III THE ANABAPTISTS

In the period of the Reformation a few Christian denominations defended and practiced the baptism of believers on the confession of faith. They were by their opponents called Anabaptists (rebaptizers) because they did not recognize infant baptism as valid and rebaptized those who had been "christened" in their infancy. Other denominations maintained the practice of infant baptism and were sometimes called infant baptists. Neither those who were generally named Anabaptists, nor the infant baptists represented a distinct class or party. All infant baptist denominations of the Reformation period, however, approved of or consented to state-churchism, the union of church and state, while those who are generally classed as Anabaptists with the exception of the Munsterites, Batenburgers and Davidians were persistent opponents of state-churchism.

The prevailing differences among the various infant baptist denominations are patent. Martin Luther held that the points on which the Zwinglian system differed from his own were of such fundamental importance that the Zwinglians must be considered to be without the fold of the general Christian church and could not be accorded the Christian name. And again Luther denounced as Antichrist the one whom the most prominent infant baptist church acknowledged as its rightful head.

As for the various parties known as Anabaptists Menno Simons says correctly that the differences among them were even greater and more radical than those which separated the infant baptist parties from each other. Menno Simons was more severe and outspoken in his opposition to certain parties known as Anabaptists than to the great state churches. He held Martin Luther personally in high esteem, while the leaders of certain Anabaptist sects were denounced by him as seducers, false prophets, and blasphemers.

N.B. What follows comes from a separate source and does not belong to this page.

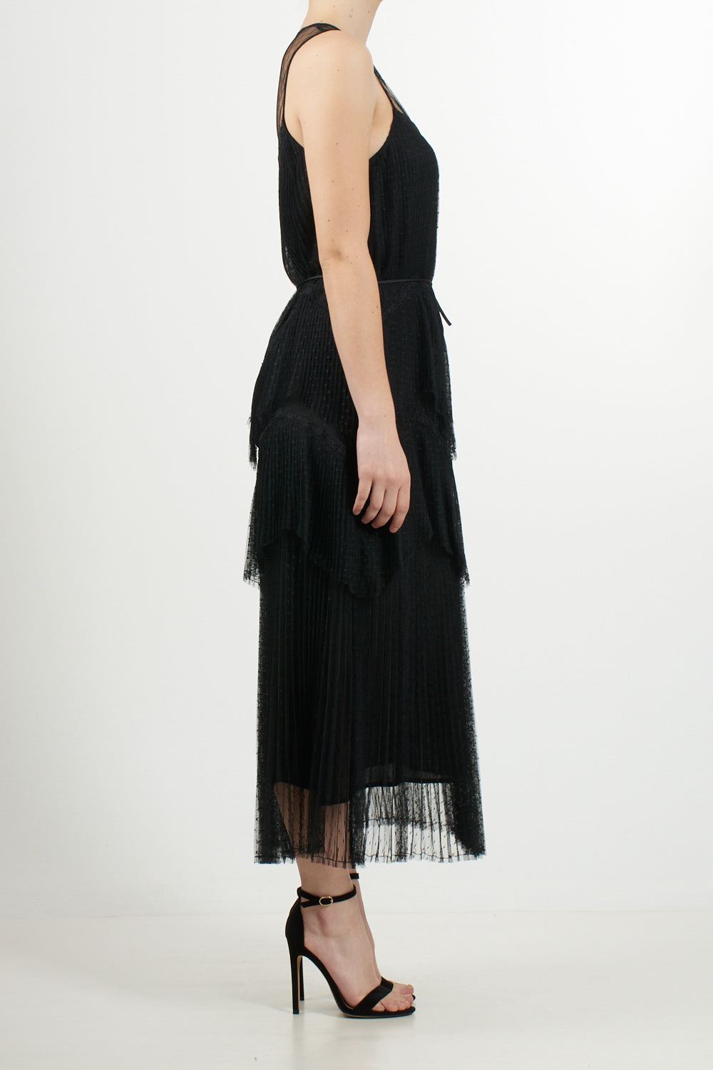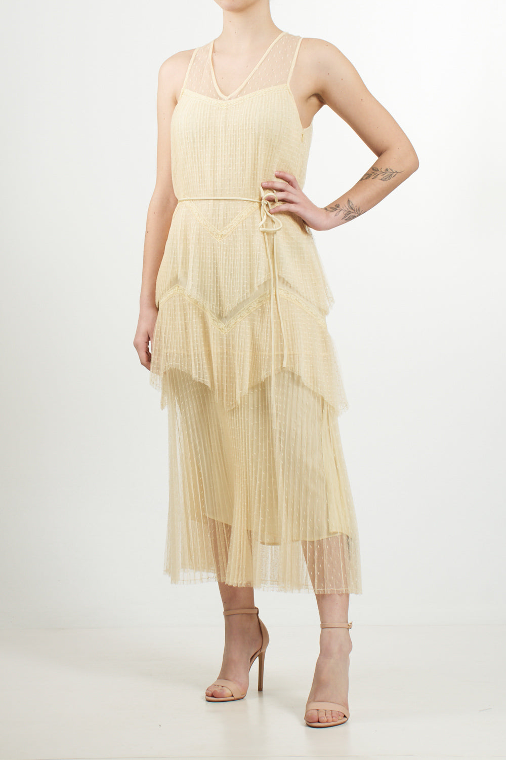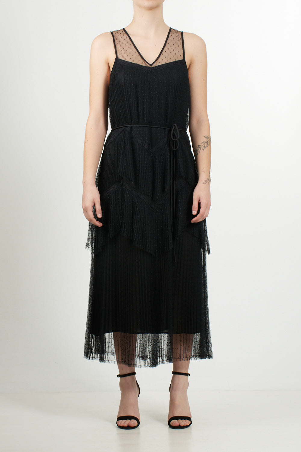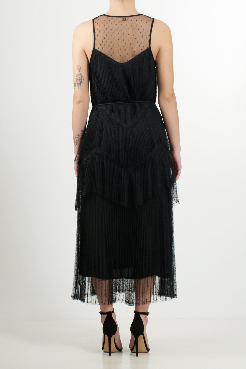 Long dress in tulle point d'esprit with pleated flounces and lace inserts, featuring a V-neck, wide shoulder straps and a transparent yoke. The design is completed by a thin belt in tone and an invisible side zip, for an elegant and feminine look.

The enthusiastic and revolutionary Anabaptists who did not reject the principle of state-churchism have a short history. The Munsterites and Batenburgers took the sword and perished with the sword. The former rose in 1533 and their cause failed utterly in 1535, when the city of Munster was conquered. The Munsterite principles were for a time advocated by the Batenburgers, but their principal leader, Jan of Batenburg, was executed within a few years. The Davidians, i. e. the followers of David Joris, adhered to Munsterite principles but eliminated the revolutionary tendencies of their predecessors. David Joris formally united with the Zwinglian state church at Basel. Only secretly he adhered to his enthusiastic notions. The theory that these "corrupt sects," as Menno Simons designates them, advocated virtually the same doctrines as the great Anabaptist denominations (namely, the Swiss Brethren, Huterites, and Mennonites) is quite unfounded. The Munsterites in fact obviously compromised the question of baptism. They did not consider baptism of sufficient importance to be willing to suffer persecution on account of it. And after the establishment of a state church in Munster people were driven to baptism at the point of the sword; it is therefore not correct to say that the Munsterites stood for believers' baptism in the true sense. John of Leyden, their foremost leader, recanted at last his belief in the necessity of adult baptism. The Batenburgers and Davidians did not practice the baptism of adults although they have usually been considered Anabaptists.

Not a few historical works describe the history of the Anabaptists in a way giving most prominence to the tale of the Munsterites and leaving the reader under the impression that John of Leyden was the principal representative of Anabaptism. Says Abraham Kuijper in his Lectures on Calvinisms: "The Anabaptist standpoint was that the circle of baptized believers was in duty bound to take all civil life under its guardianship and remodel it; and so John of Leyden violently established his shameless power as king of the new Zion." (1) Other writers have expressed themselves to the same effect. It is quite true that this was the position of John of Leyden and the Munsterites, but that the Anabaptists in general shared in such views is an obvious error. That the church should take all civil life under its guardianship and remodel it, or in other words, that the church and state should be united, was considered by the great Anabaptist denominations to be an unbearable mistake. On this point - the union of Church and State - John of Leyden differed radically from the Anabaptists.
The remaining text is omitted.